Мальчишка ловко увернулся — ладонь воспитателя лишь слегка зацепила его по щеке.
— Ах ты, сволочь! — вскипел Боров, толкая Вовку в грудь.
Мальчишка не удержался и упал. Воспитатель принялся остервенело пинать извивающегося ужом Вовку.
— Отставить! — раздался строгий голос. — Федор Петрович, ты чего это тут творишь? Опять за старое взялся?
Боров перестал пинать Вовку и обернулся к дверям. Встретившись взглядом с седым мужчиной лет шестидесяти, Боров опустил глаза и пролепетал:
— Степан Степаныч, господин директор… Вы уже вернулись? А я вас только завтра ждал…

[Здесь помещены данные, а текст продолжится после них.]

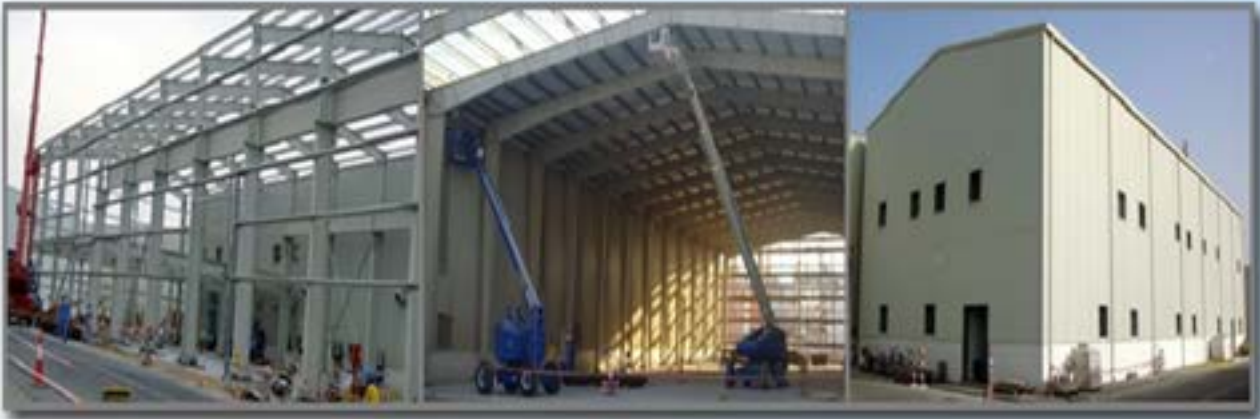
Project: Qatargas Combined Seven Facilities Modifications Project Client: QatarGas Operating Company Location: Ras Laffan Industrial Area

— Так что у нас за проблемы, что ты так воспитанников уму-разуму учишь? — повторил Матюхин. — И кто это новенький? Чем он тебе так не угодил?
— Да понимаете, Степан Степаныч, эта троица в самоволку ушла… В лес… За шишками, как мне эти умники сообщили. Их ягды на опушке выловили… Как не постреляли — ума не приложу! У них ведь приказ стрелять по всему, что движется! Повезло дурням! Теперь вот за них в управе объясняться придется, гору бумаги извести! Ты ж знаешь, как немцы в пособники к партизанам записывают! Лучше бы пристрелили просто… Мороки меньше! Прибить бы скотов! — Боров демонстративно замахнулся.
— Ты это, Федор, не перегибай! И замашки эти свои брось — забыл, как в прошлый раз было? Если провинились — определи в карцер, там разберемся. Ладно, я у себя, как закончишь — зайди.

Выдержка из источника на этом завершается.